Deep Learning
A comprehensive exploration of neural networks, covering foundational architectures like MLPs and advanced models including CNNs, RNNs, and Transformers.
This course provides a deep dive into the historical evolution and modern application of neural networks. We begin with the mathematical foundations of the McCulloch Pitts Neuron and Perceptrons, progressing into the representation power of Multi-Layer Perceptrons and the mechanics of Backpropagation. The curriculum covers a wide array of optimization strategies, including modern variants like Adam and NAdam, alongside regularization techniques such as Dropout and Batch Normalization. Students will gain expertise in state-of-the-art architectures, from Convolutional Neural Networks (ResNet, Inception) to sequence-based models like LSTMs and the transformative Attention mechanism.
Instructor
Prof. Mitesh M. Khapra, Department of Computer Science and Engineering, IIT Madras
Course Schedule & Topics
The course is structured over 12 weeks, transitioning from foundational theory to complex deep learning architectures.
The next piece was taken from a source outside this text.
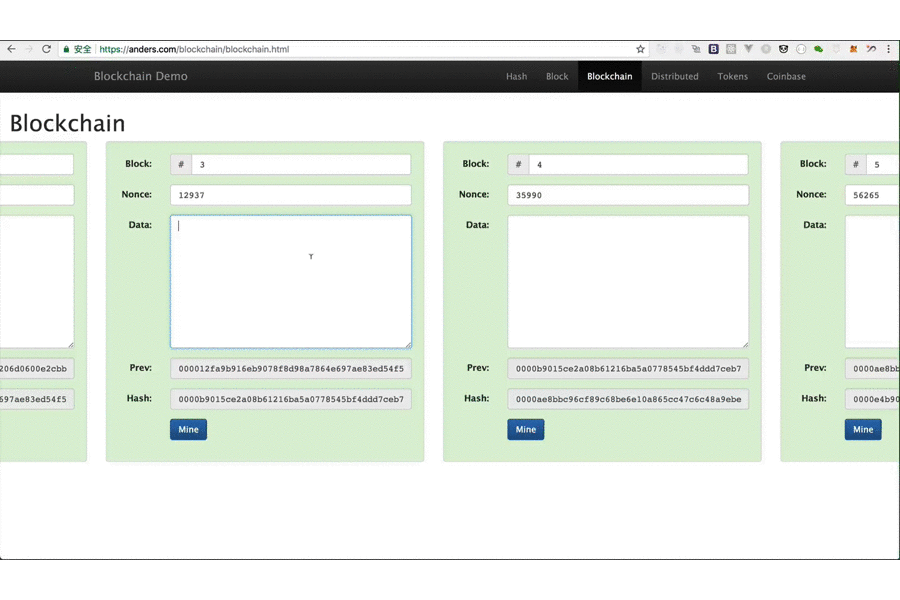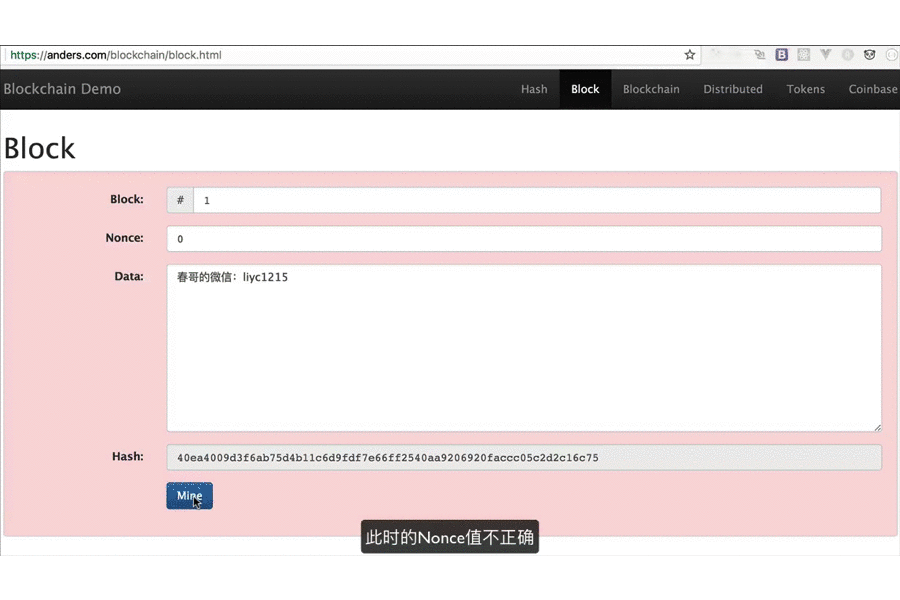 nonce值一直迭代,直到hash值有效为止。在我们案例中一个有效的hash值是最少有4个前导0。找到nonce值以满足合适条件的hash值的过程就叫做挖矿。

| Week | Primary Focus | Key Topics Covered |
|---|---|---|
| 1 | Foundations | History of DL, McCulloch Pitts Neuron, and Perceptron Learning Algorithm. |
| 2 | MLPs & Gradient Descent | Multilayer Perceptrons, Sigmoid Neurons, and the basics of Gradient Descent. |
| 3 | Feedforward Networks | Representation Power and the Backpropagation algorithm. |
| 4 | Optimization Algorithms | Momentum, Nesterov, Adagrad, RMSProp, Adam, and Learning Rate Schedulers. |
| 5 | Unsupervised Learning | Autoencoders, PCA relations, Denoising, and Contractive Autoencoders. |
| 6 | Regularization & Bias | Bias-Variance Tradeoff, L2 Regularization, Data Augmentation, and Dropout. |
| 7 | Training Improvements | Activation functions (ReLU, etc.), Weight Initialization, and Batch Normalization. |
| 8 | Convolutional Networks (CNN) | Word Vectorial Representations, LeNet, AlexNet, VGGNet, and ResNet architectures. |
| 9 | CNN Visualization | Guided Backpropagation, Deep Dream, Deep Art, and Adversarial Attacks (Fooling CNNs). |
| 10 | Recurrent Neural Networks (RNN) | BPTT, Vanishing and Exploding Gradients, and Truncated BPTT. |
| 11 | Gated RNNs (LSTM/GRU) | Gated Recurrent Units, LSTM Cells, and overcoming the vanishing gradient problem. |
| 12 | Advanced Sequence Models | Encoder-Decoder Models, Attention Mechanisms, and an introduction to Transformers. |
Material used
-
Deep Learningby Ian Goodfellow, Yoshua Bengio, and Aaron Courville (MIT Press).